Using the mark on the soap, they crafted a key to unlock their cell.
All went according to plan.
Using blankets, which they tied together to make into ropes, they managed to escape from prison.
Upon their escape, they parted ways but the two were soon caught as they did not find clothes to change into fast enough.
Alarm had been raised throughout the country with high rewards offered for their capture.
All prisoners of war were taken to the prison yard to witness the ‘results’ of trying to escape.
It was a cold morning of June 1972.
We quietly sat down as Duri and Takura were brought into the prison yard.
They were presented to us in handcuffs and leg irons.
Their faces were swollen and their prison clothes were a bright crimson from their blood.
They limped and staggered as their feet were swollen, indicative of the torture they had already undergone.
White prison officers’ chairs were arranged in the front and they sat presiding over this cruel and inhuman act.
Black prison warders, known as ndunas, were heavily armed and stood guard with dogs.
A prison warder, Chunga, told us how Duri and Takura had fooled themselves by trying to escape from prison.
He told us that the public assisted the authorities to capture the ‘terrorists’ because they did not like them.
He emphasised that we were hated by people, hence trying to escape was a waste of time because we would be eventually captured.
Torture started soon after the address by Chunga.
The ndunas started beating Duri and Takura.
We could feel their pain.
Sjamboks were wielded and flesh was shredded from the bodies.
There was nothing we could do but to sorrowfully watch and empathise.
Cde Nyazika could not stand the sight of a fellow comrade abused.
He sprang up and grabbed the prison warder who was beating Cde Duri.
Commotion then followed.
Fellow black prison warders covered their white superiors who were pleasantly watching the torture.
An emergency whistle was blown and we knew what that meant.
We all fell to the ground because the warders would shoot anyone standing.
Nyazika was ready to die. He kept a grip on the warder’s neck and the warders did not shoot because they feared they would kill their fellow warder in cross fire.
This was a highly trained prisoner of war who was in prison till the country attained independence in 1980: A trained guerilla who vowed to die to save another comrade.
A dog was the only option to save the warder from the angry ‘terrorist’.
The most vicious dog was given the instruction to attack Cde Nyazika.
There was dead silence as the dog rescued the warder and started a fight with Cde Nyazika.
Cde Nyazika held the dog by its front legs and struggled with it.
Much to our astonishment Cde Nyazika struggled with the dog for about 10 minutes.
I was overjoyed when I heard the racist dog whimper, I knew cde Nyazika had won the battle with the dog.

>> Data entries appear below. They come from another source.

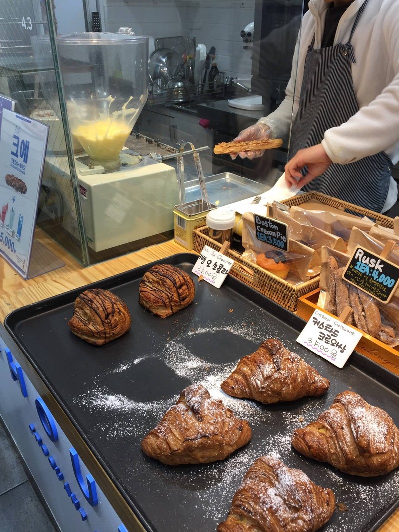 เห็นมีนักศึกษาที่นั่นแวะซื้อเลยลองบ้าง เป็นขนมปังกรอบๆยัดไส้ครีมคัสตาร์ดอะไรแบบนี้ เหมือนพวกขนมญี่ปุ่น ชิ้นละน่าจะ3000วอน ก็จะอร่อยกว่านี้ถ้าไม่เจอแป้งเก่า ทำให้เสียรสชาติไปได้ แต่ก็อร่อยดีแป้งมีกรุบๆเหมือนน้ำตาลด้วยดูเพิ่มเติม
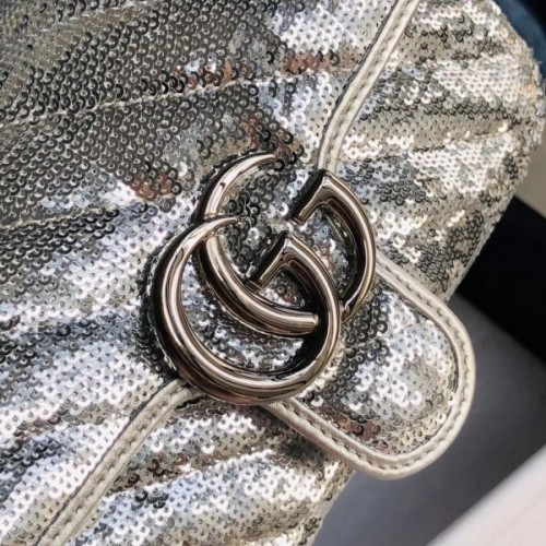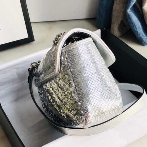 Gucci GG Marmont Mini Shouler Bag In Silk With Silver Sequin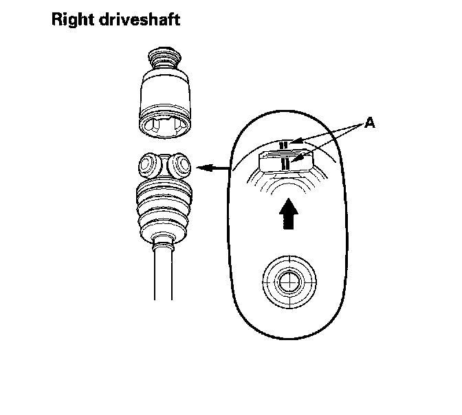 ^ Reinstall the inboard joint onto the driveshaft by aligning the marks (A) on the inboard joint and the rollers.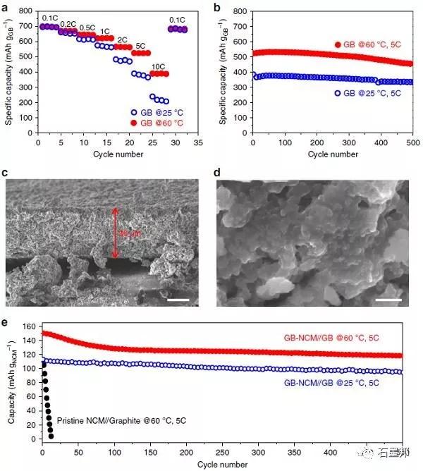 e) 石墨烯球-NCM/石墨烯球全電池在5C下25/60℃的長循環(huán)特性。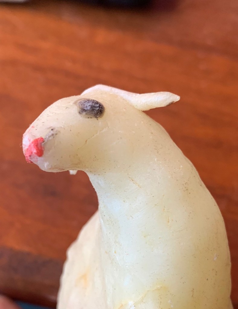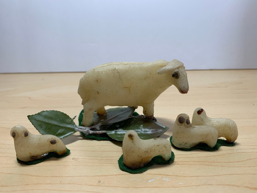 I did find some evidence of the work that Estelle and Evelyn may have done when they opened the box in 1948.  It appears that there were hooks to hang the box originally, and that they removed the back of the box.  They also may have put tiny holes in the back and fastened some of the objects with wire that tied outside of the box.  The figure and a few of the bunches had this.  I also found some clear wax drippings that were different from the other waxes.  They may have been the ones to reinforce the legs of the ewe with wood sticks since the wax pieces for these legs and the tail were not to be found in the box.  Speaking of the ewe, the previously mentioned tiny piece of wax that I originally thought was the thumb turned out to be the ear!  This was an older break, and I really couldn’t tell the ear was missing – mystery solved!

He ripped the dog apart and it died instantly.
He surrendered himself to the prison warders who did not waste time in continuing with their abuse.
They handcuffed and leg-ironed him and severely beat him until he fainted.
As if it was not enough, Cde Duri and Cde Takura were brought back.
They were beaten until they fainted as well.
We were all instructed to remove our clothes and for close to a month stayed semi-naked.
The Rhodies were afraid of the guerillas.